Dominating the whole production chain, from obtaining raw materials to delivering after-sales services, seems like a costly and painful effort for most startup founders. But it can be the solution to be more efficient and profitable in times when external investments are scarce. And the fruits of your labor aren't restricted only to your startup's financial department.
Having control over every process is a strategy adopted by verticalized companies, that appear in the online world as Digitally Native Vertical Brands (DNVB). As the co-founder of JustForYou, a beauty tech that follows this business model, I had the practical experience of seeing how being a DNVB brings not only more control over the business' contribution margin but also other benefits, such as more product innovation and customization.
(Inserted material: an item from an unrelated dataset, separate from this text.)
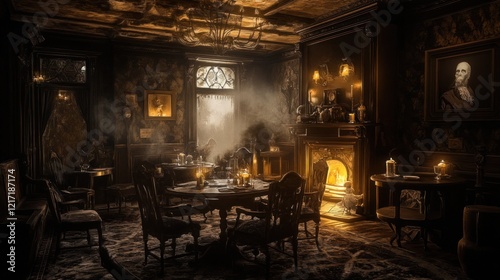 room, interior, antique, dark, mysterious, haunted, skittish, old, vintage, luxury home, house, home, gothic, scarey, creepy, fog, smoke, candle, fireplace, fire, wood, furniture, chair, table, portrait, painting, art, wall, window, light, shadow, dust, gloomy, atmosphere, ambience, elegance, luxury, rich, history, heritage, estate, night, evening, stillness, silence, secret, forgotten

That's why I'll explain what is a verticalized company and a DNVB in more detail. I'll also write down the competitive advantages of being a DNVB, and on the other hand, what you should pay attention to when adopting this business model. Finally, we can chat about the future of digitally native vertical brands. My hope is that you'll feel more prepared to create a startup that follows the DNVB model after reading this article.
A verticalized company centralizes the whole production chain. As a real-life example, you can think of a sweets brand that not only cooks their pastries but also produces the packaging and sells the final products in its own stores.
Although that is an easy-to-understand example, verticalization is used not only by small and traditional businesses. In the world of innovative and scalable startups, classic examples of verticalized companies are the Digitally Native Vertical Brands (DNVBs).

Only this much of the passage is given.